Representation of a split event log.

Fig. 5.
figure 5

Graphical representation of different proposed strategies for choosing the data set used for building a new predictive model.

4 Experimental Evaluation

As we stated in Sect. 1, the goal of this paper is to define the different strategies for the selection of data (described in Sect. 3) and compare the predictive performance of the different strategies proposed. Based on this goal, we define a research question for our experimentation: What is the impact of the different updating strategies on the accuracy of predictions?

The rest of the section is organized as follows: the experiment setup is detailed in Sect. 4.1. The different datasets used in the experimentation are described in Sect. 4.2. Finally, a discussion of the obtained results is provided in Sect. 4.3.

4.1 Experiment Setup

As predictive algorithm we have used random forest [13] as seen in previous works in the literature [14]. This technique combines predictor trees such that each tree depends on the values of a random vector tested independently and with the same distribution for each of them. In [14], authors highlight extreme gradient boosting (XGBoost) and random forest as two of the best techniques in predictive monitoring. Thus, we have selected random forest because the quality of results with respect to XGBoost is similar and it consumes less computational time.

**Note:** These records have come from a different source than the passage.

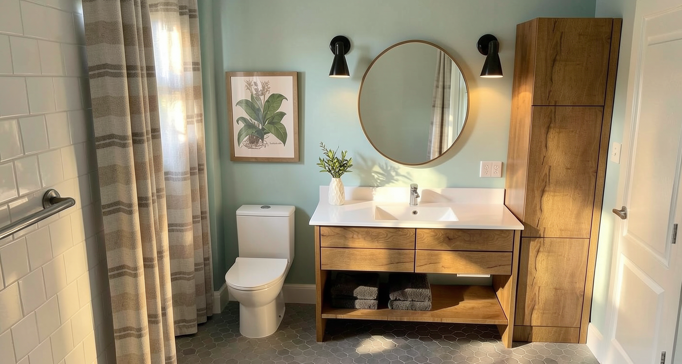 make this visualisation of bathroom more realistic especially textures there is no windows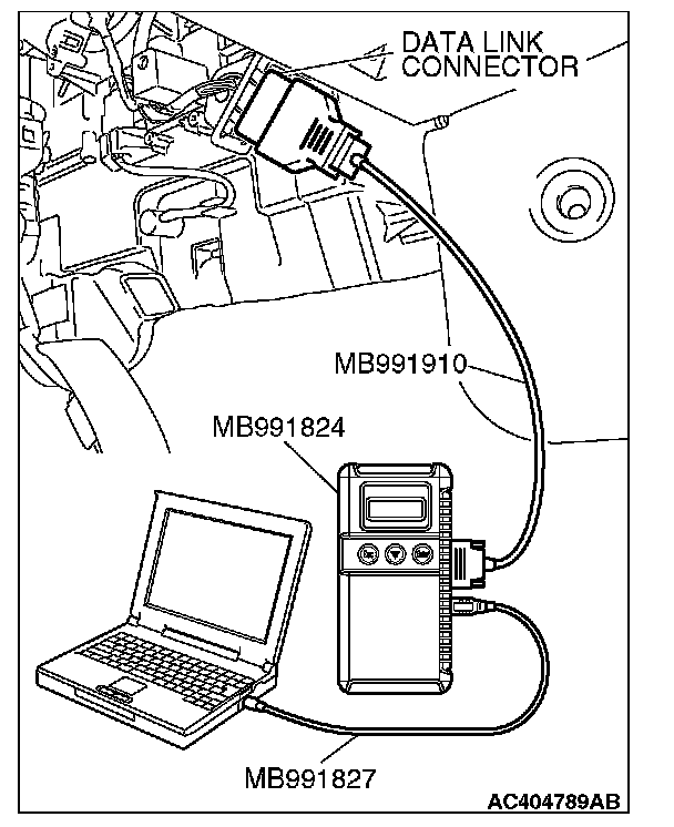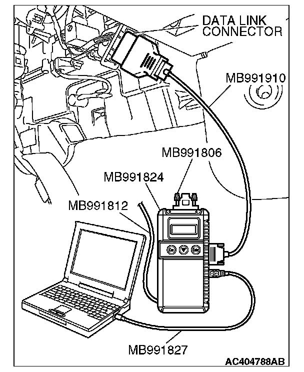 CAUTION: To prevent damage to scan tool MB991958, always turn the ignition switch to the "LOCK" (OFF) position before connecting or disconnecting scan tool MB991958.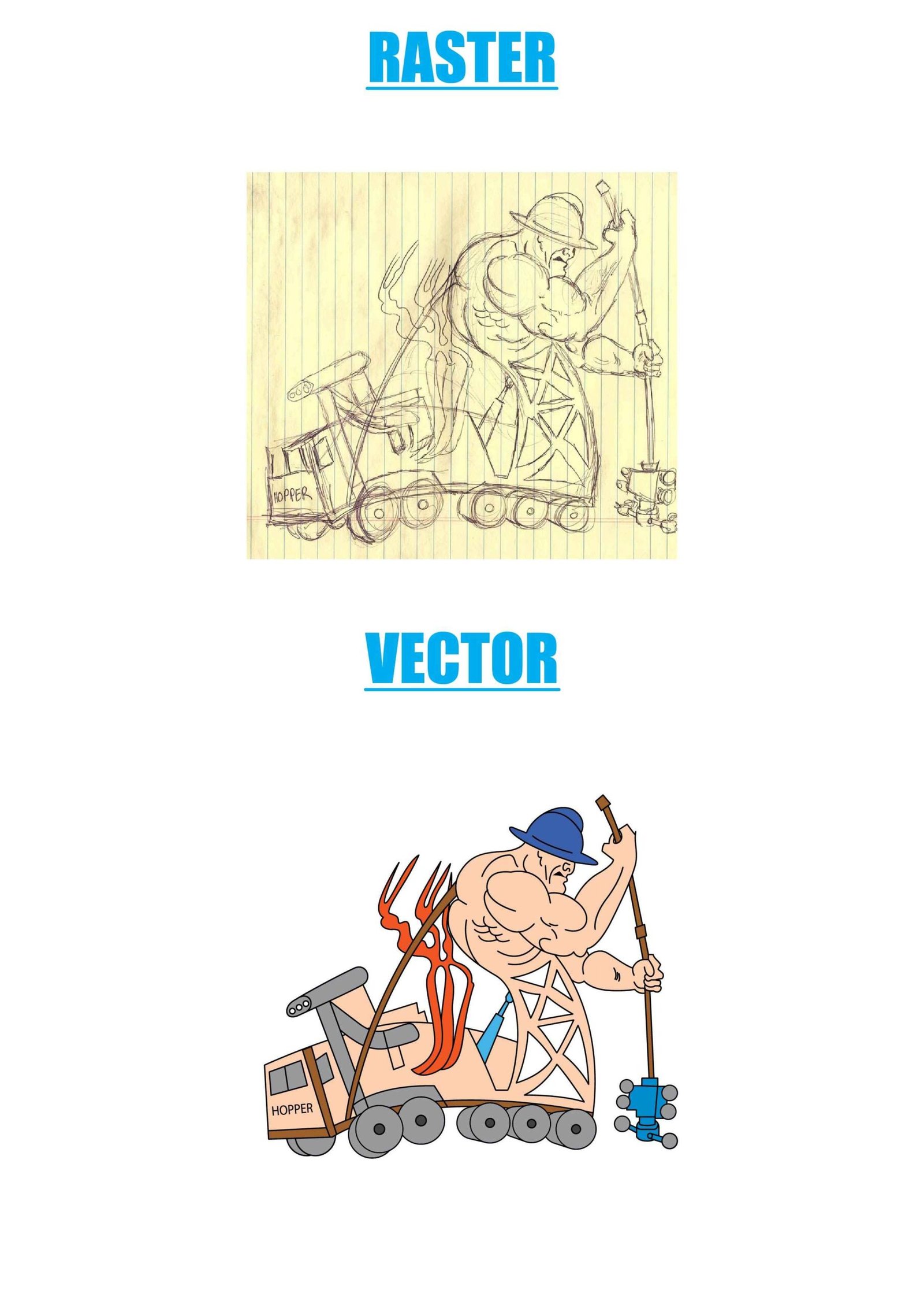 Muscular figure integrated into a machine labeled “HOPPER” with flames and tools.

We have selected a typical aggregation encoding described in [14] as one of the most used in the literature to encode the process cases and also one of the best performers [14]. Thus, all events since the beginning of the case are considered. An aggregation function is applied to the values taken by a specific attribute throughout the case lifetime. In our case, this function is the number of times that each specific attribute appears in the case (frequency encoding). We have not divided the cases in the event log into different buckets. This technique is named Zero bucketing as defined in [14]. We have also incorporated the order of the events as a new attribute in all the logs, as well as the elapsed time between the event and the beginning of the case and the time between the previous event and the current one. The details and the code of the experimentation are available onlineFootnote 1.

4.2 Event Logs

Three different real-life event logs were considered in our experiments: IT Department of an Andalusian organisation (ITA), BPI 2015 (BPI15) [15] and Traffic fines (TRAFFIC) [16]. These logs were chosen because they span several years: 2, 5 and 12, respectively, so they are useful to evaluate the effect of possible changes on the process over time.

ITA was extracted from the IT Department of an organisation in Andalusia. This dataset represents the incident management log of the IT Department in two years. In this scenario, a service level agreement (SLA) is established considering certain key performance indicators (KPIs). This SLA determines the penalties derived from the under-fulfilment of a threshold for each of the KPIs. Thus, predictive monitoring is necessary to warn the possibility of violation of the SLA. For the experiment, we used as target for the prediction if the incident is going to be put in a waiting state by the employee.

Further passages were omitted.